For distillation services, as in condensate stabilization, tray design is well understood, and many engineers are more comfortable with trays than with packing. In the past, bubble cap trays were the standard. However, they are not commonly used in this service anymore. Sieve trays are inexpensive but offer a very narrow operating range when compared with valve trays. Although valve trays offer a wider operating range than sieve trays, they have moving parts and so may require more maintenance.
High capacity/high efficiency trays can be more expensive than standard valve trays. However, high capacity/high efficiency trays require smaller diameter towers, so they can offer significant savings in the overall cost of the distillation tower. The high capacity/high efficiency tray can also be an ideal candidate for tower retrofits in which increased throughputs are required for existing towers.

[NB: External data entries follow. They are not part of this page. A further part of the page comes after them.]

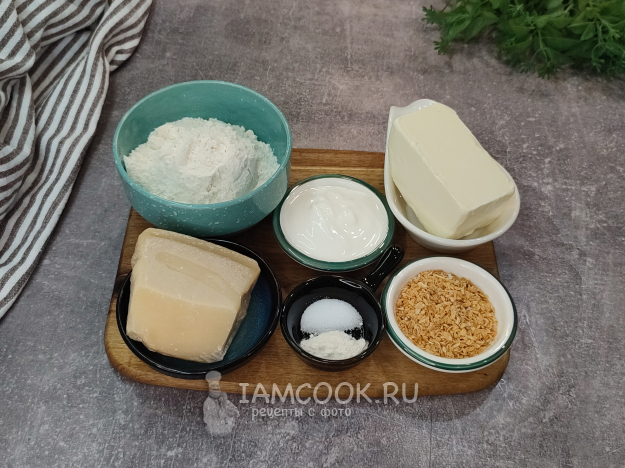 Соберите ингредиенты для приготовления печенья с пармезаном. Сегодня хочу добавить сушеного лука, вы можете использовать другие специи, сушеные ароматные травы или острый чили, например, а можно и вовсе без них. Сметану можно заменить на одно куриное яйцо или такое же количество майонеза.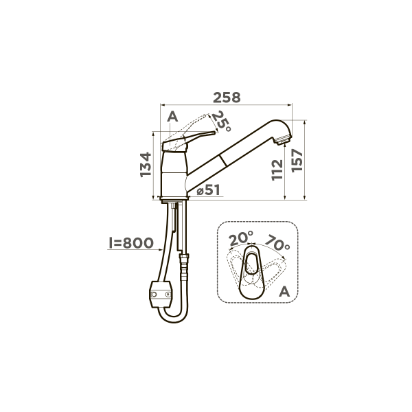 Смеситель для кухни Omoikiri Tateyama-S-C хром, вытяжной излив (4994115)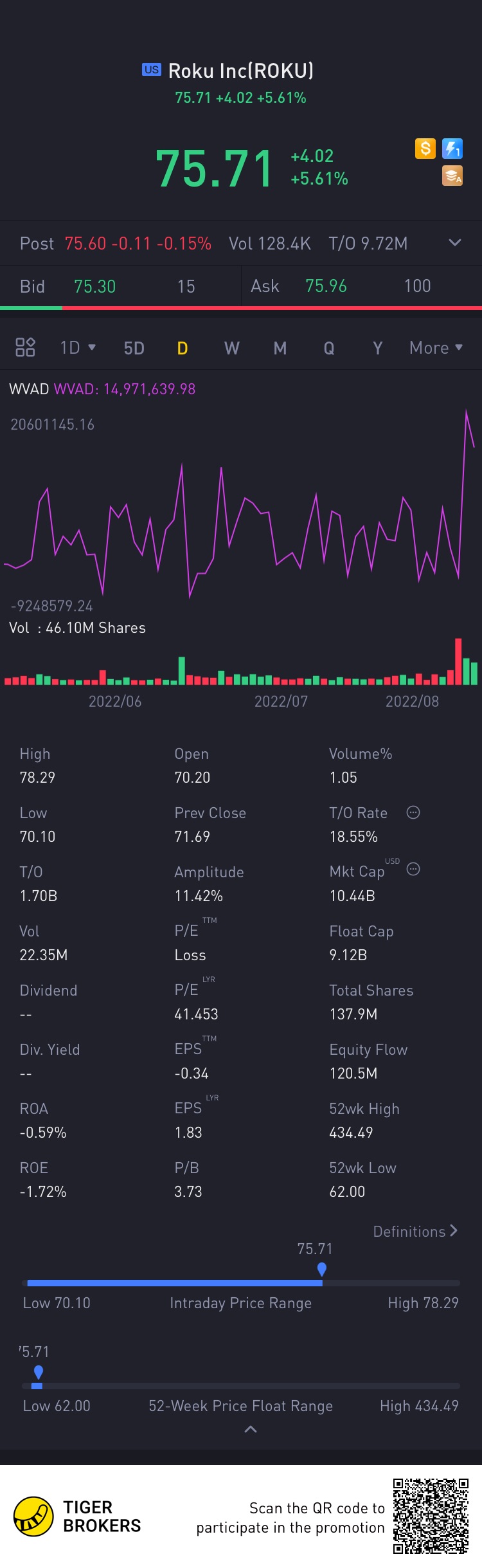 $Roku Inc(ROKU)$People were dumping around the 60 mark when analysts downgraded or gave bleak review after the earning report is out. Don't lead by fear and sway by such reviews. If you think it has potential and the right price, start a small investment

Random packing has traditionally been used in small diameter (<20 in.) towers. This is because it is easier and less expensive to pack these small diameter towers. However, random packed beds are prone to channeling and have poor turndown characteristics when compared with trays. For these reasons, trays were preferred for tower diameters greater than 20 in. In recent years an improved understanding of the impact of high pressure on packing performance has been gained. Improved vapor and liquid distributor designs and modified bed heights have made the application of packing to large-diameter, high-pressure distillation towers more common. A properly designed packed bed system (packing, liquid distributors, vapor distributors) can be an excellent choice for debottlenecking existing distillation towers.
For stripping service, as in a glycol or amine contactor , bubble cap trays are the most common. In recent years, there has been a growing movement toward crimped sheet structured packing. Improved vapor and liquid distributor design in conjunction with structured packing can lead to smaller-diameter and shorter stripping towers than can be obtained with trays.